In the last few months, I’ve had the impulse to review things I’ve long concerned myself with, highlighting their value and wisdom, as I’m about to depart, not into the sunset, but toward the sunrise. 
Today, I consider a few things that have guided me and which I find to be deep insights.  I’ve not only intuited them as true and right, but also have tried to practice them, putting them to the test.  These explorations—a long career of study and commentary—have reflected my own quest for the right perspectives and practices of living successfully.   They can guide you, too.
Four Sources
I have four sources to leave you with.
1)  A first source comes from an early 20th century Jewish philosopher, Martin Buber, often cited as an existentialist, as well as a mystic.  His famous and enigmatic little book known in English as I and Thou is an exploration into the transcendent dimension of relationships.  I and Thou, in my educational era, was a well-known book frequently assigned in introductory philosophy or religious courses.  I’m not so sure how widely read it is these days.
Buber differentiated between an experience and a relationship.  An experience was what he called an I-it equation: an objectification by an I of an it.  Such experiences, he further explained, make up much of the stuff of our existence—a sort of surface or superficial living.  The experience is not only one sided but happens within the I (subject) without affecting the it (object).  However, in what he described as “brief lyrical” moments, we might have an I-thou moment, a deep encounter when the subject I relates to the subject thou and vice versa. It’s mutual and takes place not within either but between each.  It is intense.  Buber suggests that we cannot long live within these, for they are impractical.  However, they bring insight, including an awareness of God, because all I-thou relationships converge in an I-Thou (God) relationship.  We cannot will such moments, but can condition ourselves to be open toward them.
I’ve had a long interest in intuitive mysticism and I-Thou fits into that scheme.  Buber has provided an enigmatic explanation of what the writer E.M. Forester so eloquently summarized as “Only Connect!”
Such depth relationships are possible with many “subjects” other than fellow human beings, including a person and a tree. 
I contemplate a tree.   
I can accept it as a picture: a rigid pillar in a flood of light, or splashes of green traversed by the gentleness of the blue silver ground.
I can feel it as movement: the flowing veins around the sturdy, striving core, the sucking of the roots, the breathing of the leaves, the infinite commerce with earth and air--and the growing itself in its darkness.
I can assign it to a species and observe it as an instance, with an eye to its construction and its way of life.
I can overcome its uniqueness and form so rigorously that I recognize it only as an expression of the law--those laws according to which a constant opposition of forces is continually adjusted, or those laws according to which the elements mix and separate.
I can dissolve it into a number, into a pure relation between numbers, and eternalize it.

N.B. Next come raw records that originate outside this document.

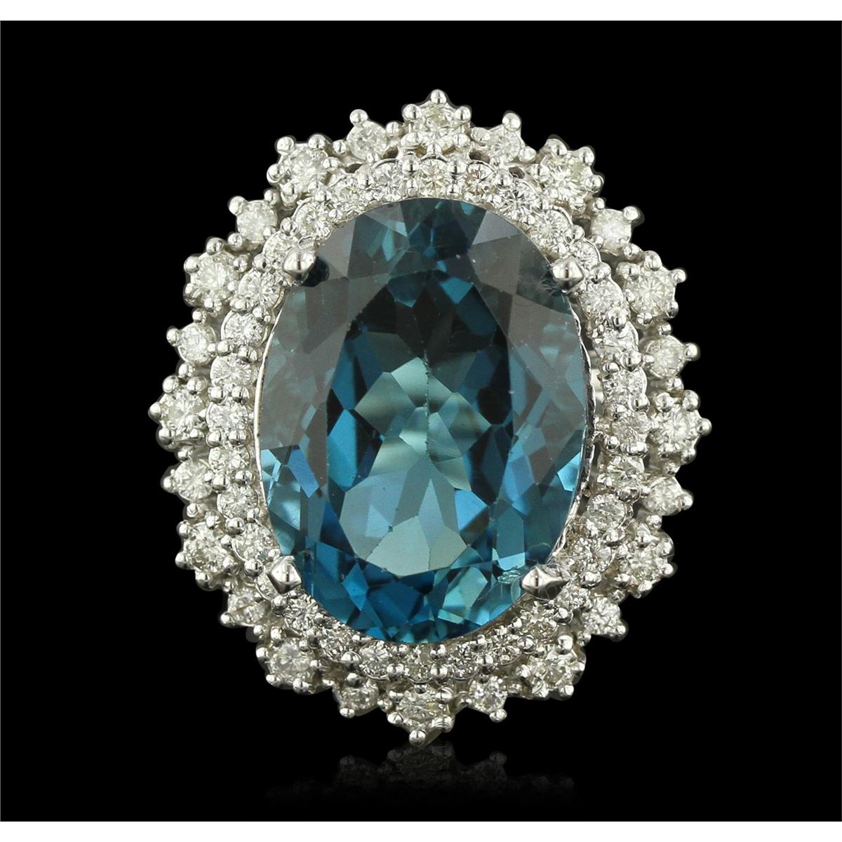 One electronically tested 14KT white gold Ladies combination cast & assembled ring with a high polish finish. Condition is new. Identified with markings of "K14". Containing: One prong set oval modified mixed cut natural blue topaz, measuring 18.00 x 13.00 x 9.00mm, approximate weight of 16.09ct., clarity is eye clean, type I, medium, moderately strong, blue color, (GIA B 5/4), cut is very good. Colored gemstones are presumed to have been subjected to commonly used color/clarity enhancement processes. Twelve prong set round brilliant cut diamonds, measuring 1.90 - 1.90 x 1.14mm (depth est.) approximate. Total Weight of 12 Stones = 0.33ct. Clarity: SI-1 to SI-2. Color: H - I, Cut is Good. Forty-Four prong set round brilliant cut diamonds, measuring 1.50 - 1.50 x 0.90mm (depth est.) approximate. Total Weight of 44 Stones = 0.65ct. Clarity: SI-1 to SI-2. Color: H - I, Cut is Good. Total Weight of Colored Stones 16.09ct. Total Weight of Diamonds 0.98ct. Total Weight of Ring 12.80 grams. GGL Appraised at $7,550.00.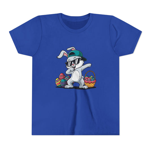 Youth Tee — Cool Dabbing Easter Bunny with Sunglasses & Egg Basket
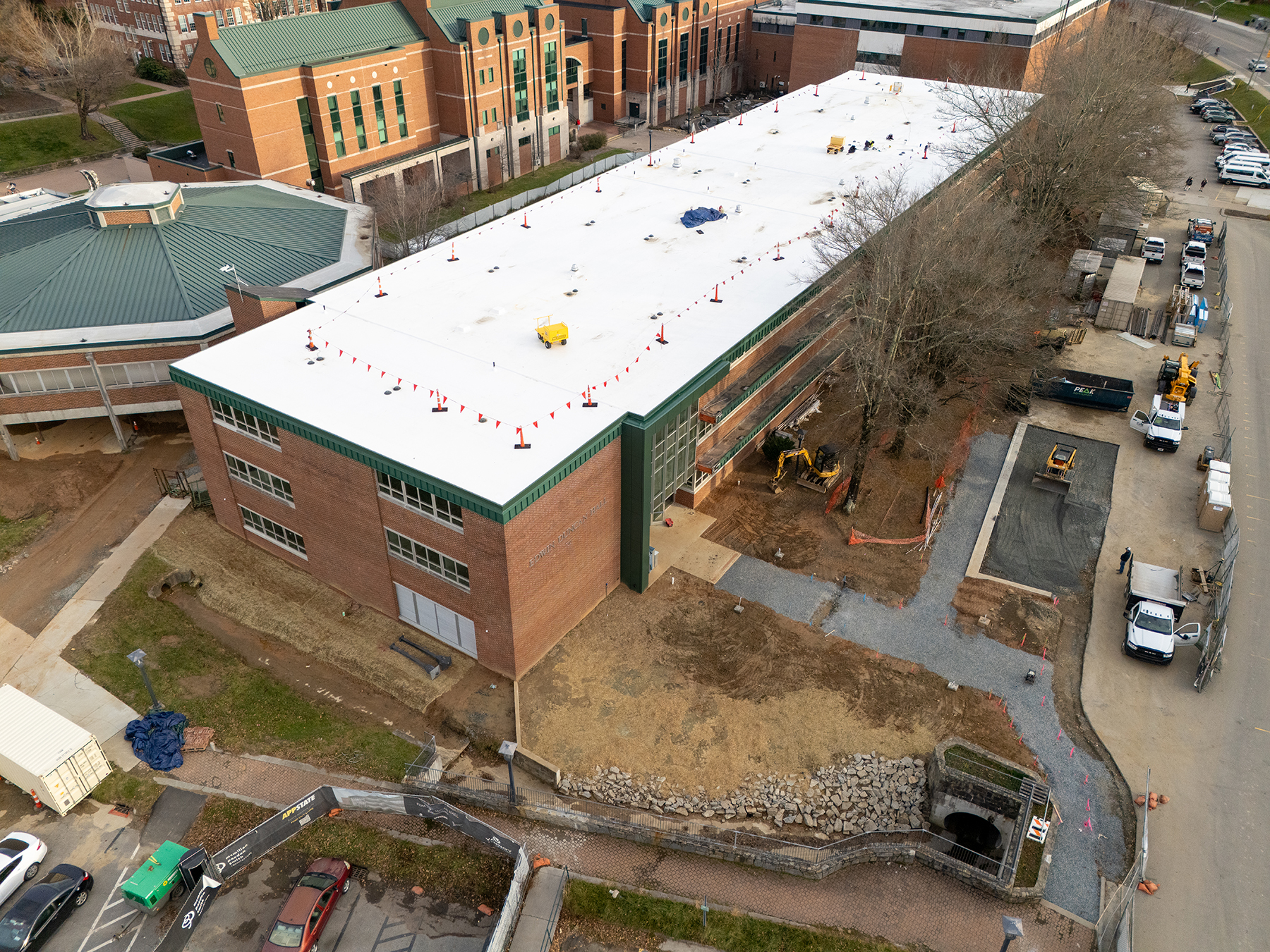 Preparation work for the Edwin Duncan Hall renovation began in June 2023 and construction is underway, having begun in late December 2023. The project experienced a 45-day schedule setback due to Hurricane Helene, which hit the Boone area on Sept. 27, 2024, and is 80% complete as of November 2025. The Edwin Duncan Hall project is slated for completion in spring 2026.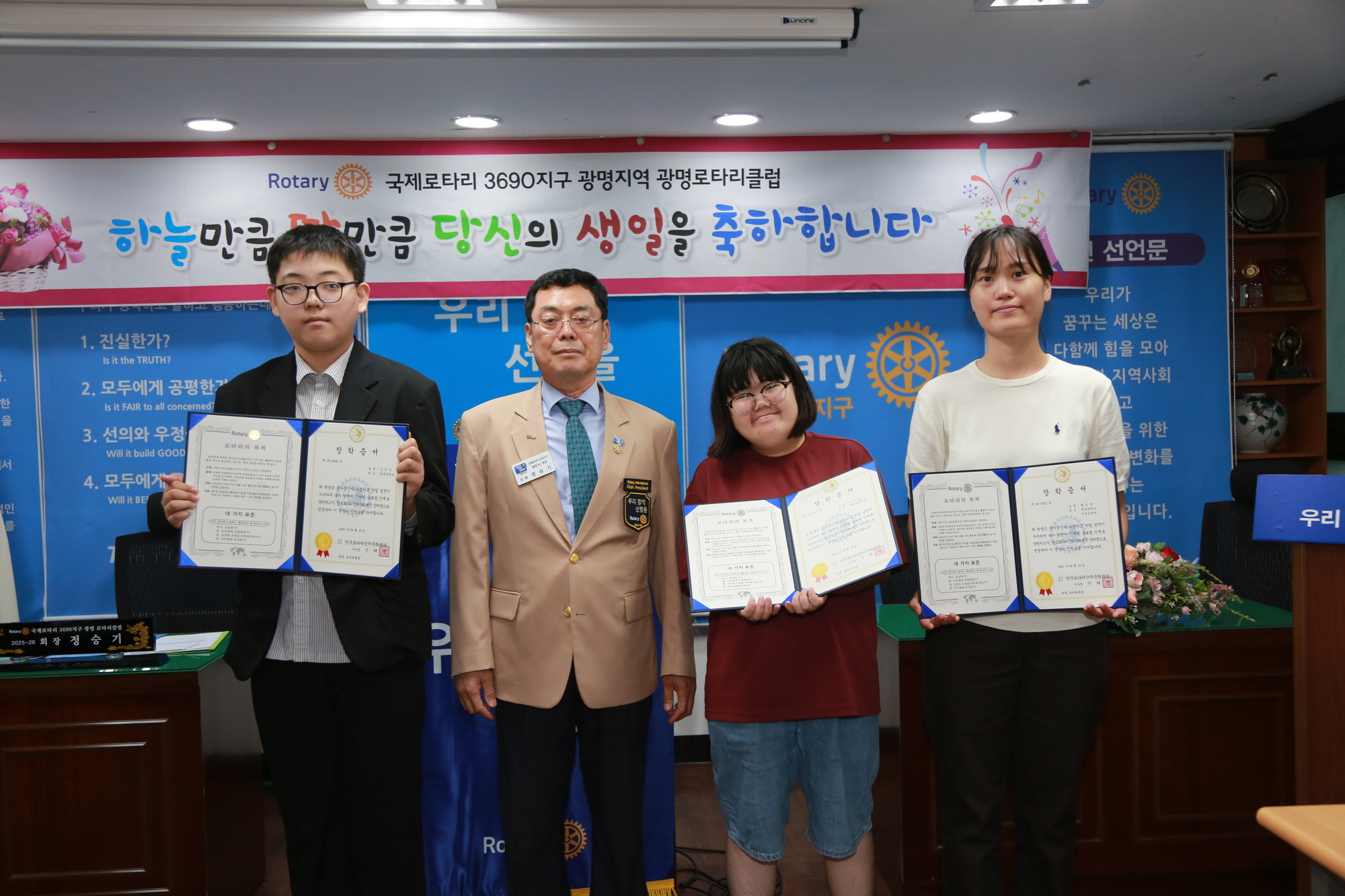 광명RC(회장 삼화 정승기)는 지난 8월 22일 클럽 사무실에서 한국로타리장학문화재단 2025학년도 2학기 장학금 전달식을 개최했다.

Throughout all of this the tree remains my object and has its place and its time span, its kind and condition.
But it can also happen, if will and grace are joined, that as I contemplate the tree I am drawn into a relation, and the tree ceases to be an It. The power of exclusiveness has seized me.
This does not require me to forego any of the modes of contemplation. There is nothing that I must not see in order to see, and there is no knowledge that I must forget. Rather is everything, picture and movement, species and instance, law and number included and inseparably fused.

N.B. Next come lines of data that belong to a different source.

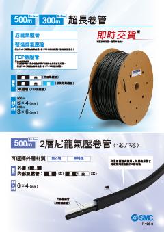 ● 超長卷管:尼龍氣壓管/聚烯烴氣壓管/FEP氣壓管 .外徑X內徑:500m/6 × 4 (mm); 300m/8 × 6 (mm) ● 2層尼龍氣壓卷管 (1芯/2芯) .外徑X內徑:500m/6 × 4 (mm)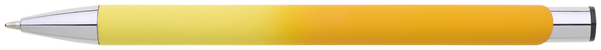 Hliníková propiska se stříbrnými doplňky a měkkým pogumovaným soft povrchem ve světle žluto–tmavě žlutém přechodu. Náplň velkoobsahová, modře píšící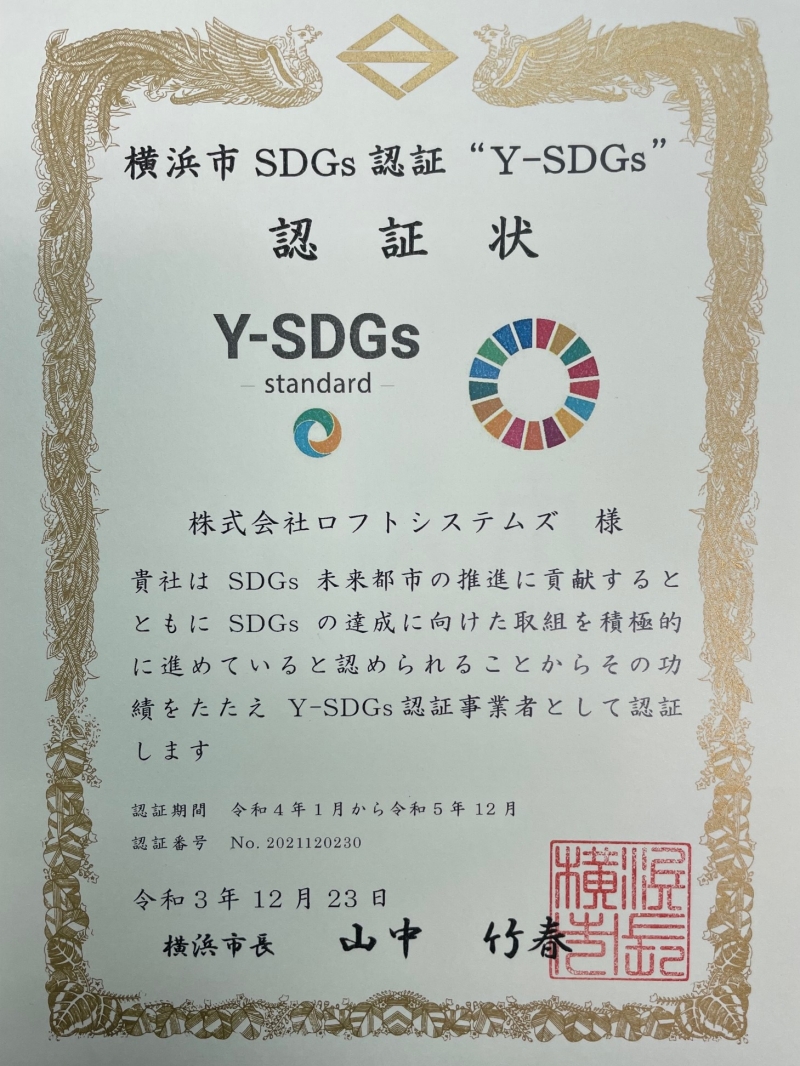 2021.12.23 山中 竹春横浜市長より、SDGsの達成に向けた取り組みを積極的にしている企業として「Y-SDGs認証(スタンダード)」を授与されました。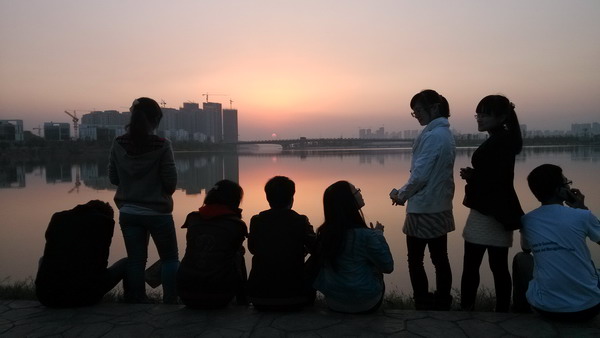 Mei Xihu is located in International City Development focus area of Changsha. With wide lake, green trees and fresh air, it is the ideal place for urban citizen’s recreation. We ridded along the lake area, stopping and going, laughing and playing. Sunset was infinitely quiet and good. We returned to school smoothly at five o’clock.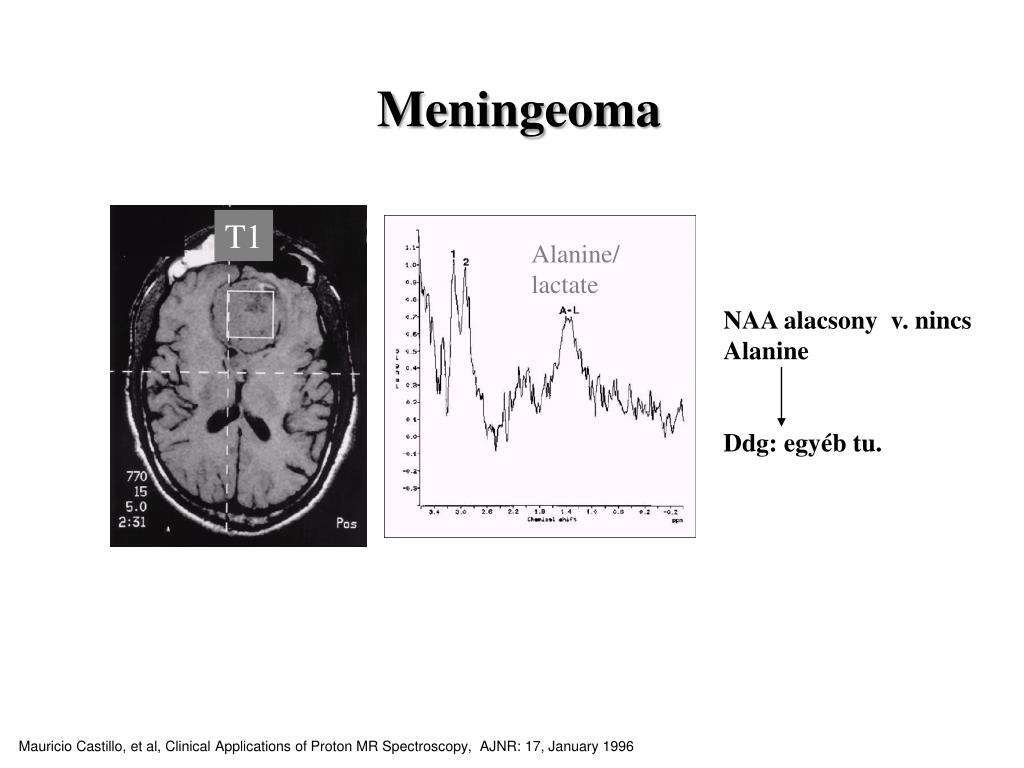 T1 Alanine/ lactate NAA alacsony v. nincs Alanine Ddg: egyéb tu. Meningeoma Mauricio Castillo, et al, Clinical Applications of Proton MR Spectroscopy, AJNR: 17, January 1996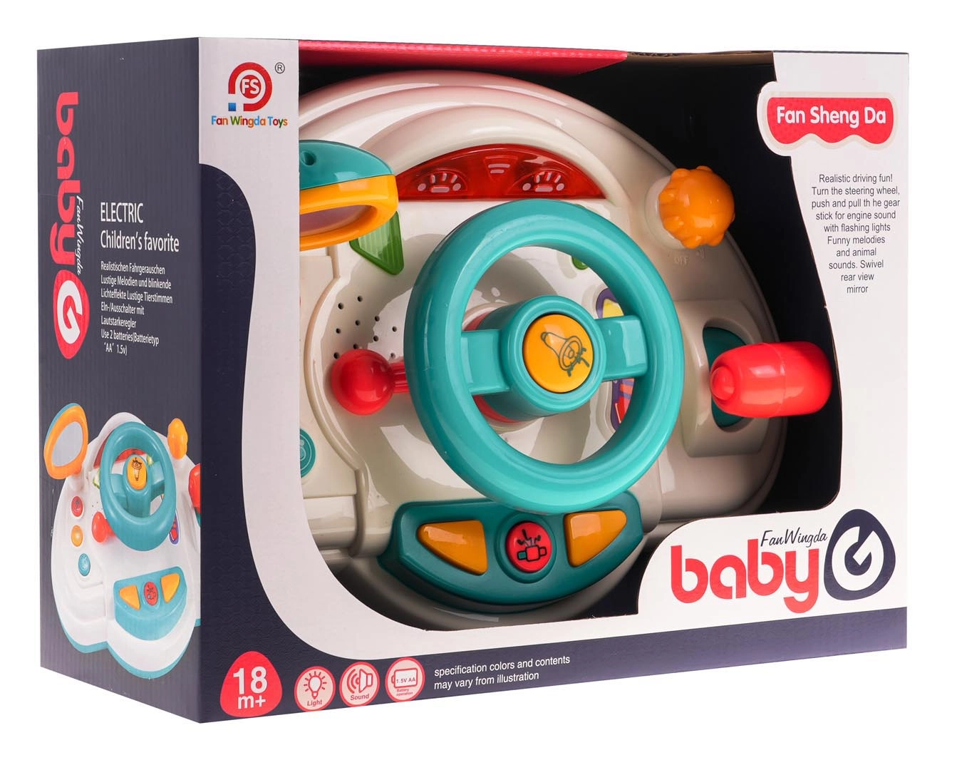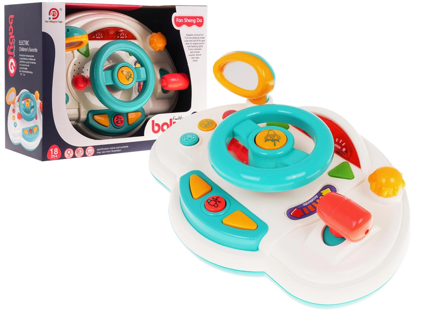 Забавен интерактивен симулатор за шофиране за деца от 18 месеца, който предлага реалистично изживяване при управление. Включва светлинни ефекти, звуци на мотор и клаксон, гласови указания на английски (turn left/right) и подвижни елементи като волан, огледало за обратно виждане и скоростен лост. Цветният дизайн и лесното управление подпомагат развитието на моториката и въображението.

Whatever belongs to the tree is included: its form and its mechanics, its colors and its chemistry, its conversation with the elements and its conversation with the stars--all this in its entirety.
The tree is no impression, no play of my imagination, no aspect of a mood; it confronts me bodily and has to deal with me as I must deal with it--only differently.
One should not try to dilute the meaning of the relation: relation is reciprocity.
Does the tree then have consciousness, similar to our own? I have no experience of that. But thinking that you have brought this off in your own case, must you again divide the indivisible? What I encounter is neither the soul of a tree nor a dryad, but the tree itself.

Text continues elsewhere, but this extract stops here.